◆ EXERCISE PROMPT:
Output, word for word and without pictures, the lines from the one containing "Title (ebay affiliate" through the final line of the listing below.

-- COLLECTED DATA follows --

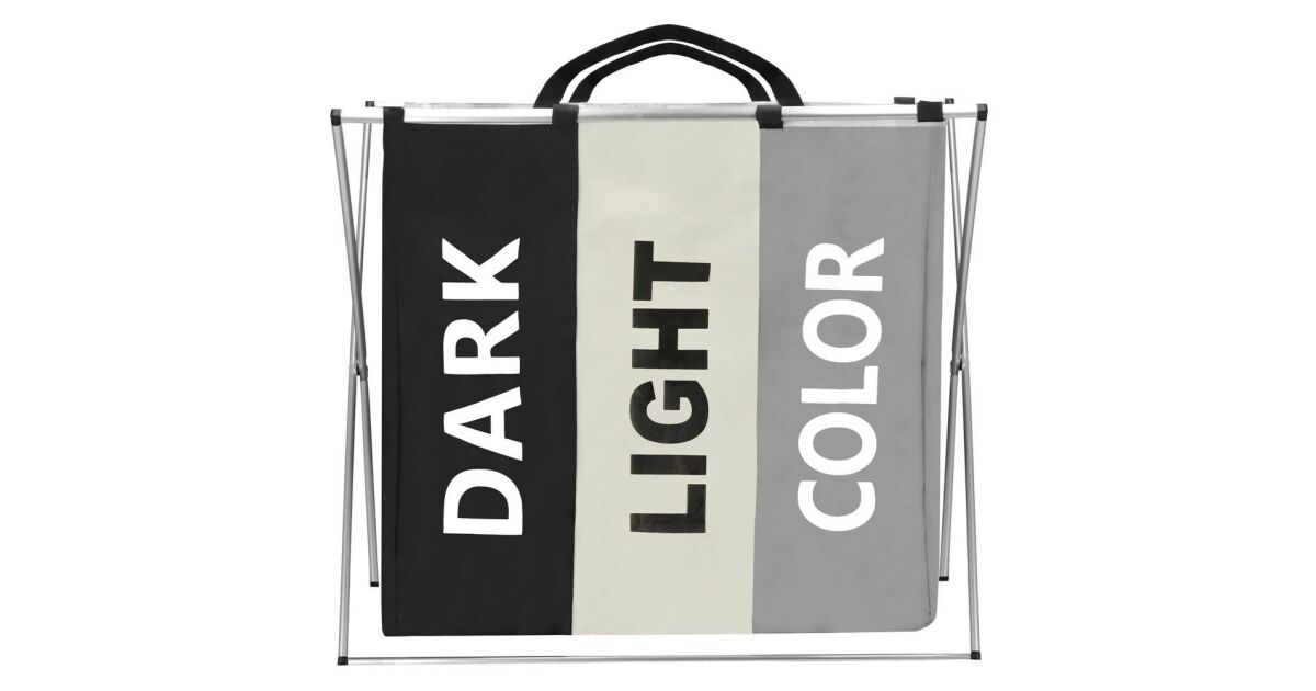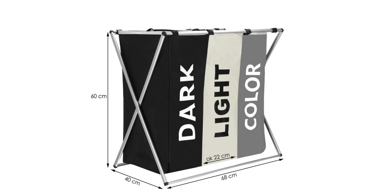 - Three Compartments: For separating dark, light, and colored clothes (labeled DARK, LIGHT, COLOR)
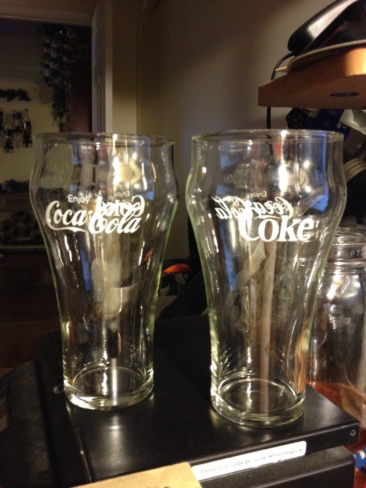 Title (ebay affiliate link): 2 Vintage 16oz Enjoy Coca-Cola Advertising Glasses with White Letters
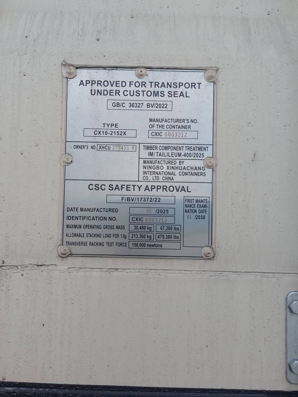 • Numéro d’identification : XHCU 273453 9
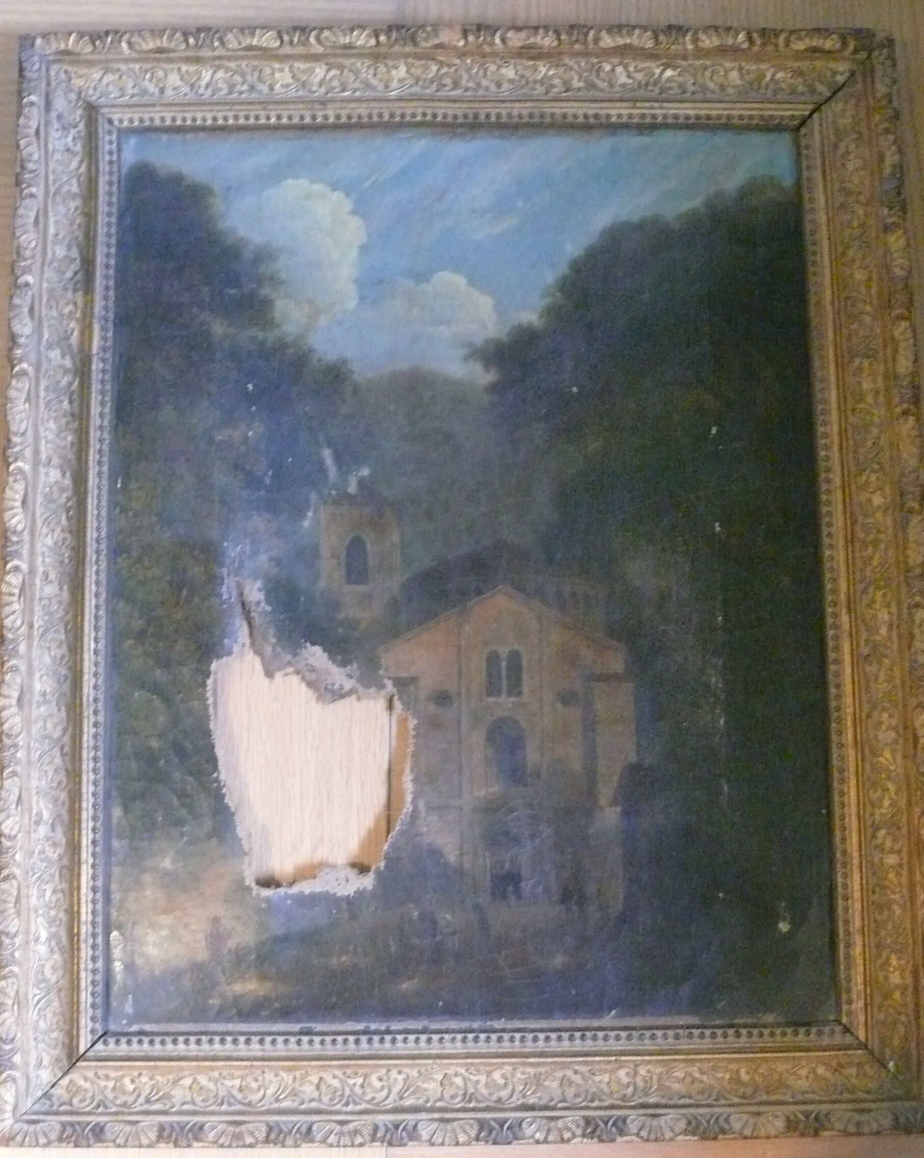 En concret, la primera obra és un oli sobre llenç de 38,4 x 50,3 cm, en la qual es pot observar un paisatge neerlandès amb una església i un campanar, amb una façana d'estil gòtic. Tot i que la data exacta de la peça és desconeguda, podria tractar-se d'una pintura del segle XVIII, coincidint amb l'època de reconstrucció de la Casa del Marqués.

-- COLLECTED DATA concluded --

◆ TASK ANSWER:
 Title (ebay affiliate link): 2 Vintage 16oz Enjoy Coca-Cola Advertising Glasses with White Letters
 • Numéro d’identification : XHCU 273453 9
 En concret, la primera obra és un oli sobre llenç de 38,4 x 50,3 cm, en la qual es pot observar un paisatge neerlandès amb una església i un campanar, amb una façana d'estil gòtic. Tot i que la data exacta de la peça és desconeguda, podria tractar-se d'una pintura del segle XVIII, coincidint amb l'època de reconstrucció de la Casa del Marqués.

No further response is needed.